Return only this: the line with "V rámci hodin" and all the lines that follow it below, through the final one, exactly as they are.

<<<<

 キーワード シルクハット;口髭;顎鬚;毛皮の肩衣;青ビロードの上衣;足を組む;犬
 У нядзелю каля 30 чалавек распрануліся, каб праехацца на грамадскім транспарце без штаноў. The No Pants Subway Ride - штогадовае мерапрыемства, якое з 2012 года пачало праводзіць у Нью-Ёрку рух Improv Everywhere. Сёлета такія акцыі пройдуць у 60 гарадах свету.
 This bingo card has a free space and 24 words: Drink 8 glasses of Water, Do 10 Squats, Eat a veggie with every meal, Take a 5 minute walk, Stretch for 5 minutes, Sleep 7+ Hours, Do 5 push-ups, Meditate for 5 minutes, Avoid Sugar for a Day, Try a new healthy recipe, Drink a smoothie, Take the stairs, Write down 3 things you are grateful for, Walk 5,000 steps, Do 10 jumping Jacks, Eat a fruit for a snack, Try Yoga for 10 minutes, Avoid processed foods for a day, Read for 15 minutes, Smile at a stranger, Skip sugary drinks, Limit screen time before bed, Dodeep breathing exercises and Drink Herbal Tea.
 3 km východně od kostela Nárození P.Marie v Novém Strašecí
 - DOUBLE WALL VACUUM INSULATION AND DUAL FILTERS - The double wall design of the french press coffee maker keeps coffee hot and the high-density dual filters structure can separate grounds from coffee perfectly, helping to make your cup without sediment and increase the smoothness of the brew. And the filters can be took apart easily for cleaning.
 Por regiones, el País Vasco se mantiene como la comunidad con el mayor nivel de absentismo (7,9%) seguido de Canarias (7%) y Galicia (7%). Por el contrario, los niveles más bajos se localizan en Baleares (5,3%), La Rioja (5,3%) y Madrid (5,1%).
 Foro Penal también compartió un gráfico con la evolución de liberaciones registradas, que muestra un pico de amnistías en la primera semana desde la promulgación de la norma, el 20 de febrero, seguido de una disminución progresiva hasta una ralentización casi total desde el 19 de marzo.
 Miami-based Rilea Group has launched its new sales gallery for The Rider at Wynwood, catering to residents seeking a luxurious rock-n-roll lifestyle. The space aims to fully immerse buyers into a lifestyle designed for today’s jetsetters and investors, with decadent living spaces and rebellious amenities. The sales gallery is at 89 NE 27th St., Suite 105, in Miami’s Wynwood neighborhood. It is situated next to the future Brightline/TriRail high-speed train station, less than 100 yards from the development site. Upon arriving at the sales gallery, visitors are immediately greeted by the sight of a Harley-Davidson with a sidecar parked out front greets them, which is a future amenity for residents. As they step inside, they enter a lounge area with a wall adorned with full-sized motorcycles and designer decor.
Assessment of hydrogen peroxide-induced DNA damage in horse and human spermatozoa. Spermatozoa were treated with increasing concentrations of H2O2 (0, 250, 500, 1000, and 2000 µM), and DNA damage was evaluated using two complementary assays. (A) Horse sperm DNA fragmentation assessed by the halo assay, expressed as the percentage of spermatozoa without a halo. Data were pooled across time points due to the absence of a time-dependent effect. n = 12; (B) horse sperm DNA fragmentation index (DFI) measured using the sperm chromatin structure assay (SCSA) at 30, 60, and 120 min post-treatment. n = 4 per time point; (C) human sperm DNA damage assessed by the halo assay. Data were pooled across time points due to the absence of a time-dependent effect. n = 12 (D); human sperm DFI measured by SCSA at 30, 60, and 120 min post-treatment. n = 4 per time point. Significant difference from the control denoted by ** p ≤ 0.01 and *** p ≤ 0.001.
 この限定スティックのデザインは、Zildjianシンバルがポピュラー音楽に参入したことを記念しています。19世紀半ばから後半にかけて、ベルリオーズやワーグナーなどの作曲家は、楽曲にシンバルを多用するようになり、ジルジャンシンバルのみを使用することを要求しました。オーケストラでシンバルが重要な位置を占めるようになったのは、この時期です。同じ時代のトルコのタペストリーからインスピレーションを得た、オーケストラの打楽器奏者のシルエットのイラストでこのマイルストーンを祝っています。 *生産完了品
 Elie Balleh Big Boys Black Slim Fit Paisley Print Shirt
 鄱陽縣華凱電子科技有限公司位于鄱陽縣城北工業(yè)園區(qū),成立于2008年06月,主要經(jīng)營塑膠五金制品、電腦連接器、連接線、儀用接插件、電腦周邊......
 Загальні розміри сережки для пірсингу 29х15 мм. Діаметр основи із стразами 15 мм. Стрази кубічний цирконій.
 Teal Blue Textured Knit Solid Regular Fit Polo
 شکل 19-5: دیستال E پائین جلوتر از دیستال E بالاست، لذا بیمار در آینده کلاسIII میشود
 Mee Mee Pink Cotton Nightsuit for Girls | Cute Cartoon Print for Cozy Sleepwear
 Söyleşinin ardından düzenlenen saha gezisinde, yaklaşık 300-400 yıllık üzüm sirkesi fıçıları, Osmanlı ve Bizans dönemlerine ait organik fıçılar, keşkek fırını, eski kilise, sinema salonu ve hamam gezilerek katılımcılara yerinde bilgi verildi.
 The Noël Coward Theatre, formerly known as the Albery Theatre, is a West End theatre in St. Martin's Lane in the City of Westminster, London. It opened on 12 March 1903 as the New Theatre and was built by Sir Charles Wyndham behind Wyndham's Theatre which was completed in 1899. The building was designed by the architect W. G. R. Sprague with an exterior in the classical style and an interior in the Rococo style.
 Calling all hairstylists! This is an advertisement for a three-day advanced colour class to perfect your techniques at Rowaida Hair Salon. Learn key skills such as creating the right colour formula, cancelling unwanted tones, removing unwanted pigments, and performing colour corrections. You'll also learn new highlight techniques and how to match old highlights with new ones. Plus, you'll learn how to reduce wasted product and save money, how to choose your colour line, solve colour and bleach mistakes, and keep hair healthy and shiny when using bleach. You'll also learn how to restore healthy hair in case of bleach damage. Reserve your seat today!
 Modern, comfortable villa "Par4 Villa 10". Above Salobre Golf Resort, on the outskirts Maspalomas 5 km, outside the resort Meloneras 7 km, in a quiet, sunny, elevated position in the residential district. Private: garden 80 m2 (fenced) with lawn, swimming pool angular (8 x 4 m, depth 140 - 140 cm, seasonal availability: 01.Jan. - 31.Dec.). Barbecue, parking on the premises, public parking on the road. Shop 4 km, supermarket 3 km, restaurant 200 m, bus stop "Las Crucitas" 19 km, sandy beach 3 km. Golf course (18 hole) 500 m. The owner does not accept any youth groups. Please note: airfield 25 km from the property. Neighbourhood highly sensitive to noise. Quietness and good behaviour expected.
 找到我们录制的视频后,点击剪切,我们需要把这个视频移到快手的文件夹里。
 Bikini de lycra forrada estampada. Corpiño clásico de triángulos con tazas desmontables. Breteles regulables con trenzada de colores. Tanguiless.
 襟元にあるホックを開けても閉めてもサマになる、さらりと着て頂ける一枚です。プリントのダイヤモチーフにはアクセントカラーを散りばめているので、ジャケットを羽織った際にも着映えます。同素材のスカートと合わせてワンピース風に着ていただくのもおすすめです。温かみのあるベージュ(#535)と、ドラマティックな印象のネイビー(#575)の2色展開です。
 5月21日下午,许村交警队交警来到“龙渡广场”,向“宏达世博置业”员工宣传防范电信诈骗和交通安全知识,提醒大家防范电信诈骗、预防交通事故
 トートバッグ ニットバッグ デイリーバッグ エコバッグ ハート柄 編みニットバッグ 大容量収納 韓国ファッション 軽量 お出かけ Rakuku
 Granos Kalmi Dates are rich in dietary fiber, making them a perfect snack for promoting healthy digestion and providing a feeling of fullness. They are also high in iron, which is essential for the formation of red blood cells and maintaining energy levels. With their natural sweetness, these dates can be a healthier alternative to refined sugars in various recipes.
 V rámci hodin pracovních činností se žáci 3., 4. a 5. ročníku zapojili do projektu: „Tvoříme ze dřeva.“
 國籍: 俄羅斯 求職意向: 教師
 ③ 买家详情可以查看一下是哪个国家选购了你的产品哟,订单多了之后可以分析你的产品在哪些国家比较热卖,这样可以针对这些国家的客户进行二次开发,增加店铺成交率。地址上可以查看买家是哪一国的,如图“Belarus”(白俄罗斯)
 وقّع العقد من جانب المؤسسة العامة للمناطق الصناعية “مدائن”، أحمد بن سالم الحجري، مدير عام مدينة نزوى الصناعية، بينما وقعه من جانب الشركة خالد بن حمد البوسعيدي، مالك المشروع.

>>>>

• _YOUR RESPONSE_
 V rámci hodin pracovních činností se žáci 3., 4. a 5. ročníku zapojili do projektu: „Tvoříme ze dřeva.“
 國籍: 俄羅斯 求職意向: 教師
 ③ 买家详情可以查看一下是哪个国家选购了你的产品哟,订单多了之后可以分析你的产品在哪些国家比较热卖,这样可以针对这些国家的客户进行二次开发,增加店铺成交率。地址上可以查看买家是哪一国的,如图“Belarus”(白俄罗斯)
 وقّع العقد من جانب المؤسسة العامة للمناطق الصناعية “مدائن”، أحمد بن سالم الحجري، مدير عام مدينة نزوى الصناعية، بينما وقعه من جانب الشركة خالد بن حمد البوسعيدي، مالك المشروع.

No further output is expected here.